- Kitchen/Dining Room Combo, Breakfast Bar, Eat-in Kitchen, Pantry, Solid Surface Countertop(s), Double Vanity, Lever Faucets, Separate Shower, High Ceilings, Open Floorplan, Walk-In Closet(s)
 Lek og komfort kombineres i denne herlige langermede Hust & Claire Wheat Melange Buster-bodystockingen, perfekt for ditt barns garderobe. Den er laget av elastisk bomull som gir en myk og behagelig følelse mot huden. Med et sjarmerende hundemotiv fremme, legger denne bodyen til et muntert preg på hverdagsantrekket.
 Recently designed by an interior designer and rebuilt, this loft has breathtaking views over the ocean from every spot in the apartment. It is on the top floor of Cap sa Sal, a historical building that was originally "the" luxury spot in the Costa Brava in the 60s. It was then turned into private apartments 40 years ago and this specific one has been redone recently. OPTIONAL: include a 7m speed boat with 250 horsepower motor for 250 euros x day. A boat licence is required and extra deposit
****************************************
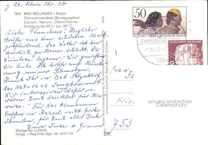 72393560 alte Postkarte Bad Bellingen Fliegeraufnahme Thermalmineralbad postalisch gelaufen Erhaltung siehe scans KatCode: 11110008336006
****************************************
— Work task —
Copy range, inclusive: the line holding "Lek og komfort" to the line holding "Recently designed by". Reproduce exactly those lines of the records above and no others.

— Your solution —
 Lek og komfort kombineres i denne herlige langermede Hust & Claire Wheat Melange Buster-bodystockingen, perfekt for ditt barns garderobe. Den er laget av elastisk bomull som gir en myk og behagelig følelse mot huden. Med et sjarmerende hundemotiv fremme, legger denne bodyen til et muntert preg på hverdagsantrekket.
 Recently designed by an interior designer and rebuilt, this loft has breathtaking views over the ocean from every spot in the apartment. It is on the top floor of Cap sa Sal, a historical building that was originally "the" luxury spot in the Costa Brava in the 60s. It was then turned into private apartments 40 years ago and this specific one has been redone recently. OPTIONAL: include a 7m speed boat with 250 horsepower motor for 250 euros x day. A boat licence is required and extra deposit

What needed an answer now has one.